Film, Film Review

REVIEW: Emergency Declaration (2021) dir. Han Jae-rim

The Covid Film We’ve Been Waiting For


Emergency Declaration, the 2021 Korean plane disaster movie, is the Covid film I’ve been waiting for. Most of the major Covid-era films so far have catered too strongly to the fleeting and frequently changing aspects of pandemic life: lockdown, mitigation, quarantine, technology’s reimagined role in connecting us. The Michael Bay-produced Songbird (2020) might have been the worst offender, even if it wasn’t terrible. It reminded viewers of the worst parts of their own experiences without providing much more substance. Emergency Declaration—from its simple premise of a viral bio-terrorist attack on a commercial flight heading to Hawaii to its micro-geo-political war symbolized like chess pieces through the various passenger responses—is the movie for the moment. 

Han Jae-rim’s newest film is the best movie ostentatiously about our pandemic—despite not being about the pandemic. The script was complete by July 2019, months before the pandemic began. Production shut down in March 2020 and again the same August. By most benchmarks, Han’s disaster thriller was more whomped by the pandemic than it was influenced by it. I don’t think I would’ve believed this coincidence so easily without recorded evidence in major news and film publications.

Perhaps it was the lack of foresight into how society and governments would actually respond that allowed for such a prescient and touching film that resonates so well with our experiences of the “long 2020,” as I like to call it. Either way, Emergency Declaration probes our strongest pandemic fears and performs them in the most paranoid and large-emotion means at their disposal: the anxiety associated with a cough on a plane in 2022 is dialed up to the maximum as a symptom of a state-threatening weapon.

A terrorist with bio-chemical experience, Ryu Jin-seok (Im Si-wan), boards a plane at random from Incheon International Airport after cutting open, inserting, and stitching an airborne weapon with an almost 50% fatality rate into his armpit. Paving the way for an unusual terrorist film, he’s one of the virus’ first victims. As an engineered biochemical weapon, the prospects of timely treatment seem dim—resulting in nations with varying qualities of real-life foreign relations with South Korea to deny entry into their airspace. A passenger with a traumatic piloting history, Park Jae-hyuk (Lee Byung-hun), finds himself unexpectedly forced to finish the flight after the plane’s intended pilots succumb to the sickness.

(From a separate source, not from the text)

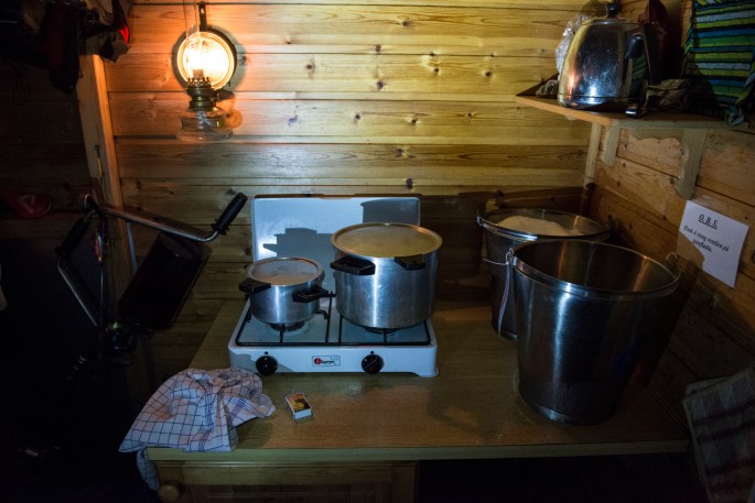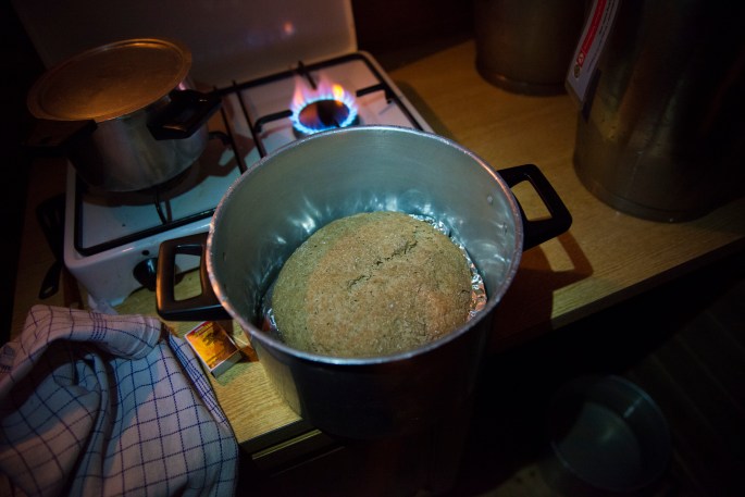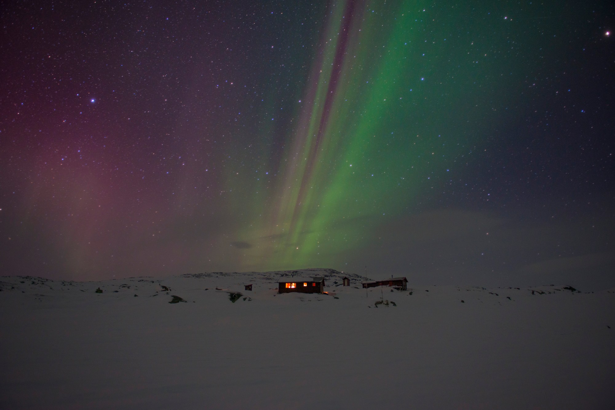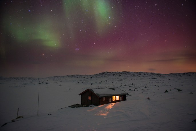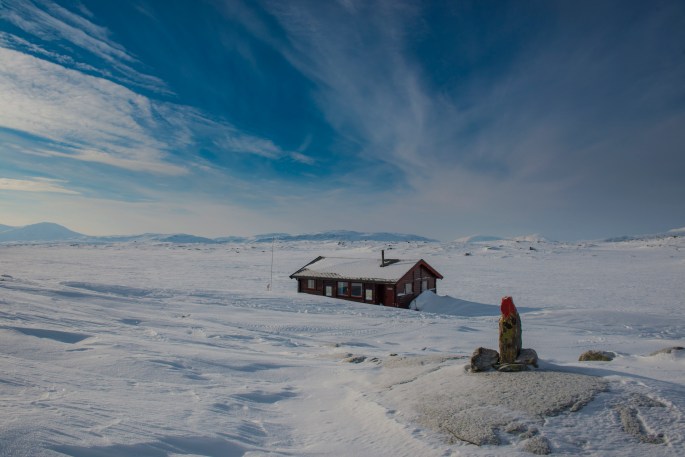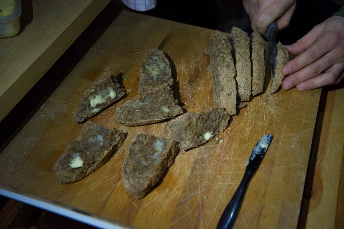 After many days of difficult terrain, taking the long route rather than the shortcuts, just to avoid the Swedish border, we arrived at Skoaddejávri late at night. This is as DNT cabin that sits at 1002 meters above sea level and has a nice view all around. From here you can see right in to Sweden and admire some of the mountains that they have there. Since we have been on the move for so many days now, we decided to take a 3-days rest here to regain our strength. A small lake is situated right in front of the cabin, where there should be good fishing. Anders therefor took some time doing some ice fishing and me and Jan took a short hike to the mountain peak right behind the cabin. These cabins are well equipped, but they do not have an oven. But with some ingenuity, we made homemade bread each night and nothing beats freshly baked bread with A LOT of butter!

I’m most impressed with the film’s stout politics. The fight to land Sky Korea flight K1501 plays out in grand geopolitical fashion between Korea’s various politicians and ministers and with Japan, the United States, and a multi-national biotech corporation with strong North American ties. But it also replicates the politics without the room for debate among the passengers; they simply act, and are forced to act, without the time for theory, consideration, or occasionally authority of the politicians. One elderly self-appointed germ police officer, for example, monitors every healthy person for the slightest sign of a bump or rash and then shames them into banishment with the rest of the plane’s sick. His feeble self-centered attempts to “flatten the curve” appear rational even if overblown at first, but when edited in a coyly utilitarian fashion alongside the refusal of major nation-states to allow K1501 permission to land, the passenger’s attitude comes off as needlessly isolationist and recklessly amoral. 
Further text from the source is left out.